Both Malaysia and the Philippines have moved since 2017 to modernize their navies, but analysts say they lack the strength to stamp out crime. The lack of a grip on the sea means "dire consequences for regional stability,” said Enrico Cau, associate researcher at the Taiwan Center for International Strategic Studies.

“The navy has always been very poor in terms of budget and maintenance,” Atienza said.

The regional database ReCAAP Information Sharing Center logged seven actual or attempted incidents in the Sulu-Celebes Sea in 2017 and 2018, making it the riskiest international waterway in Asia over that period.

“The problem of course is that as far as the Tausug are concerned, there is no border,” said Ramon Casiple, executive director with the Philippine advocacy organization Institute for Political and Electoral Reform in Metro Manila. “On a daily basis, they don’t use passports. They can go back and forth between Sabah and Tawi Tawi, Sulu," he said, naming two Philippine provinces.

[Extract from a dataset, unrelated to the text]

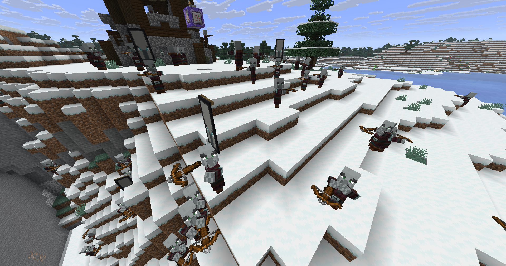 The position of the crossbow, and the direction of the pillagers arms seem to desync from each other and the pillager’s head. This seems to affect all pillagers simultaneously, and then snap back to normal every couple seconds. This could be to do with the new entity rendering system but I don’t really know.

Unchecked movement across the Sulu Sea caught Manila’s attention in 2017 when it found Malaysian and Indonesian nationals fighting alongside Muslim rebels in the nearby Philippine city Marawi. Troops battled the rebels for five months, costing about 1,100 lives.

In January, an Islamic State-backed local Muslim rebel group took credit for bomb blasts that killed 20 people and injured 111 at a church in Sulu province.

Joint efforts to improve safety at sea

Officials from Malaysia, the Philippines and Indonesia have talked at least since the 1990s about developing the coastal economy and improving joint security for the sea. In June 2017 the three countries launched joint maritime patrols based out of Indonesia and, five months later, joint air patrols out of Malaysia.

But changes in leadership among the three countries, followed by shifting national priorities, have held up progress on economic development, said Song Seng Wun, an economist in the private banking unit of CIMB in Singapore.

“I think quite a lot to do with domestic politics overtaking these plans,” Song said. “There’s really a lot to do with the shifting (of) respective government focus.”

The three countries may prefer to avoid further talks on security in case any one party grows uncomfortable with the process, Cau said.

Philippine President Rodrigo Duterte and Malaysian Prime Minister Mahathir Bin Mohamad walk together during the welcoming ceremony for the Malaysian leader at the Malacanang presidential palace in Manila, Philippines, March 7, 2019.
Philippine President Rodrigo Duterte and Malaysian Prime Minister Mahathir Bin Mohamad walk together during the welcoming ceremony for the Malaysian leader at the Malacanang presidential palace in Manila, Philippines, March 7, 2019.

In his meeting March 7 with Mahathir, Duterte called “resolving security issues, particularly on terrorism, piracy, and transnational crimes” an issue the two countries should pursue to improve their relations, the presidential website in Manila said.

Duterte, who is from Mindanao, has tried to stop Muslim violence since he took office in 2016.

“I think the big concern for Duterte is to stabilize the maritime space between Malaysia and Mindanao,” said Carl Baker, director of programs with the think tank Pacific Forum CSIS in Honolulu.